AIR does not provide direct access to native GUI elements such as navigation bars or controls. Native extensions can be used to access additional native resources.

===Development tools===
====SDK====
The AIR SDK is available as a free standalone download for software developers to make AIR applications. SDK users do not need to install any commercial software to use the SDK, although several options are available. AIR apps can be compiled from the command line using the AIR compiler included in the SDK; the compiler can also be called from an IDE to eliminate the need for the command line.

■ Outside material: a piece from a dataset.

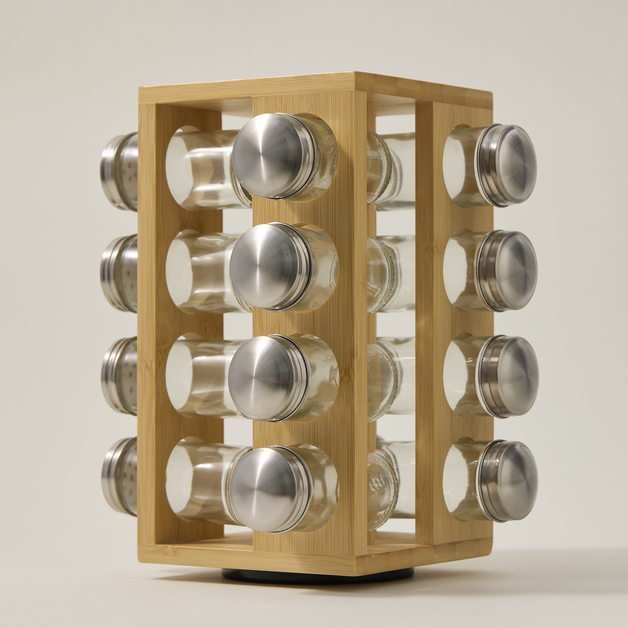 طقم برطمانات توابل 16 قطعة بحامل بامبو

AIR can also be used with Adobe Flex. Flex is an integrated collection of stylable graphical user interface, data manipulation and networking components, and applications built upon it are known as "Flex" applications. Flex GUIs are defined in MXML, similar to how Android and Microsoft Visual Studio define GUIs; however, Flex does not give access to native GUI components.

AIR applications built without the Flex framework allow greater flexibility and performance, and are known as "pure ActionScript" applications. Video games built on the AIR platform are typically pure-Actionscript projects. Various open-source component frameworks are available for pure ActionScript projects, such as MadComponents, that provide UI Components at significantly smaller SWF file sizes.

====Software====
Adobe distributes three commercial software products for developing of AIR applications in ActionScript:
- Adobe Flash Builder (enterprise application development and debugging)
- Adobe Animate (graphics design, animation and scripting toolset)
- Adobe Scout (visual profiler for performance optimization)

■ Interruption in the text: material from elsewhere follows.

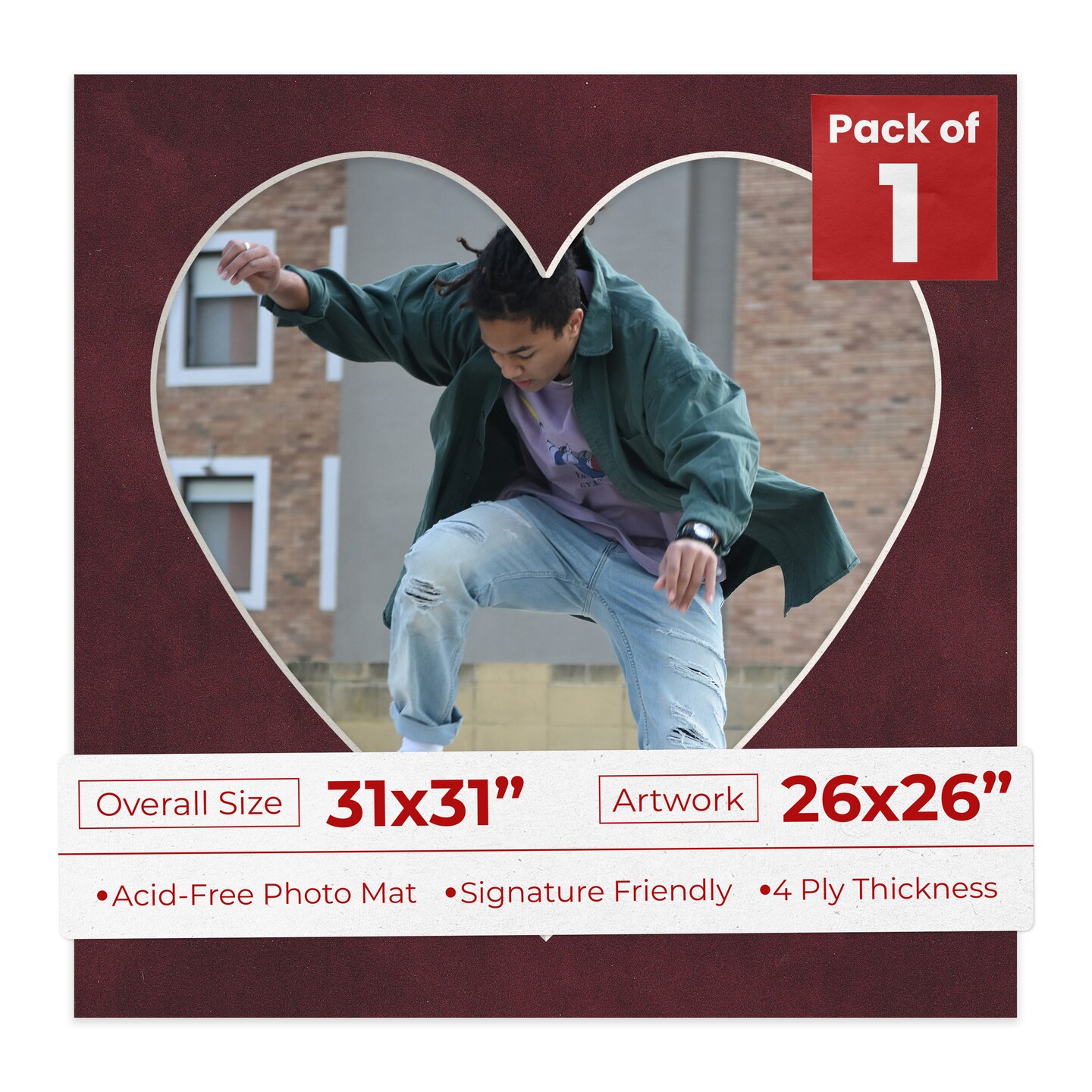 Dark Red Suede Mat Board for 31x31 Frames - Heart Opening for 26x26 Photos

Third-party development environments that target the AIR runtime are also available, including:
- Moonshine IDE, a free IDE built with Apache Flex and Adobe Air. It can be used to create ActionScript 3, Apache Flex, Apache Royale and Feathers projects from Moonshine. It also provides cloud support.
- FlashDevelop, an open-source Flash ActionScript IDE, which includes a debugger for AIR applications
- Powerflasher FDT, a commercial ActionScript IDE
- CodeDrive, an extension to Microsoft Visual Studio 2010 for ActionScript 3 development and debugging
- IntelliJ IDEA, a commercial IDE supporting ActionScript 3 development and debugging
- AS3 & MXML for VSCode, a powerful extension capable to turn the popular Microsoft free editor Visual Studio Code in a complete AIR IDE

Adobe Flash Builder is the premium tool for Flex application development, since it includes an integrated drag-and-drop user interface builder, not found in competing tools like FlashDevelop.

===JavaScript applications===
Adobe provides for AIR, HTML5 and JavaScript development with Adobe Dreamweaver CS5, although any other HTML editor or text editor can be used.

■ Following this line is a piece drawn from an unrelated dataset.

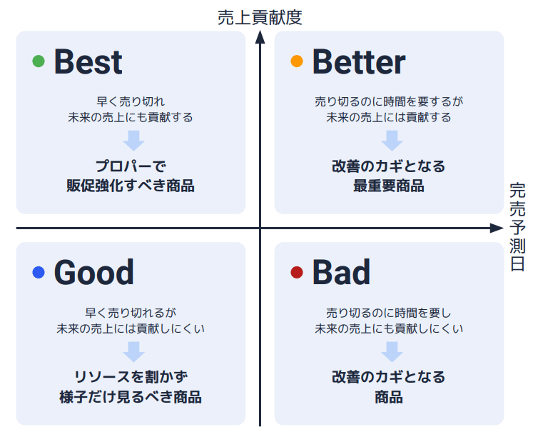 全ての在庫を対象に、在庫リスク(完売予測日)と売上・利益に対する貢献度の2軸で評価し、可視化します(下図参照)。

AIR can run a subset of JavaScript, with no ability to dynamically execute code when running in the application sandbox. According to Adobe, this restriction is designed to prevent malicious remote content from attacking a user's system. Because of this restriction, JavaScript frameworks that make use of dynamic JavaScript functions like eval() were not initially compatible with AIR. However, several frameworks including Dojo Toolkit, jQuery, and ExtJS were updated to run in AIR's application sandbox. Some frameworks like MooTools were already compatible.

Dreamweaver CS4/CS3 requires an additional extension to compile AIR applications, as does Flash CS3 in the form of an update.